__Information provided__:
──────────────────────────────
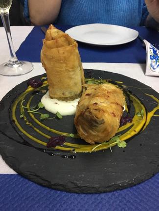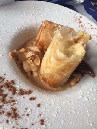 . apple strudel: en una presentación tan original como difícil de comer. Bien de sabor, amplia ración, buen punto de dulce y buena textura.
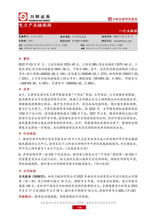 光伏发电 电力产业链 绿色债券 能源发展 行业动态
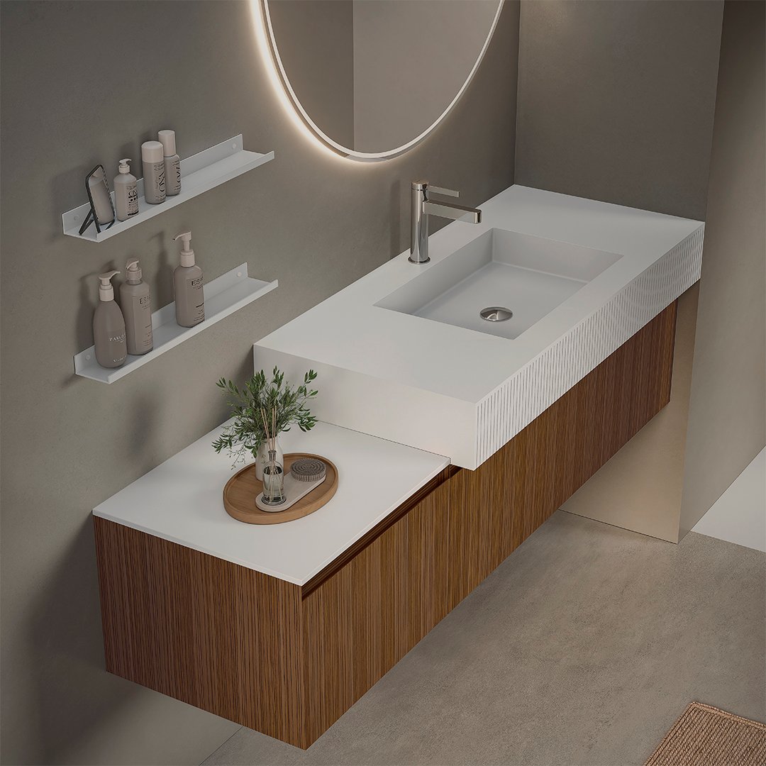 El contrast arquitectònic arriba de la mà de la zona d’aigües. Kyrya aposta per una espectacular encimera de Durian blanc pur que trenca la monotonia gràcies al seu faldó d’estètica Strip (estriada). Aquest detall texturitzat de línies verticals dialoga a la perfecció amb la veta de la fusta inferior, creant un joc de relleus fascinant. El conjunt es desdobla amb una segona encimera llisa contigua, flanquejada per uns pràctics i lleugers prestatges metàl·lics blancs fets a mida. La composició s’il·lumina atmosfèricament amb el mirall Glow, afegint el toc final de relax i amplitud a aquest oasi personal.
──────────────────────────────
__Work request__:
With pictures left out, print the lines of the material above from the line containing "光伏发电 电力产业链 绿色债券 能源发展 行业动态" through its last line, exactly and nothing more.

__Response__:
 光伏发电 电力产业链 绿色债券 能源发展 行业动态
 El contrast arquitectònic arriba de la mà de la zona d’aigües. Kyrya aposta per una espectacular encimera de Durian blanc pur que trenca la monotonia gràcies al seu faldó d’estètica Strip (estriada). Aquest detall texturitzat de línies verticals dialoga a la perfecció amb la veta de la fusta inferior, creant un joc de relleus fascinant. El conjunt es desdobla amb una segona encimera llisa contigua, flanquejada per uns pràctics i lleugers prestatges metàl·lics blancs fets a mida. La composició s’il·lumina atmosfèricament amb el mirall Glow, afegint el toc final de relax i amplitud a aquest oasi personal.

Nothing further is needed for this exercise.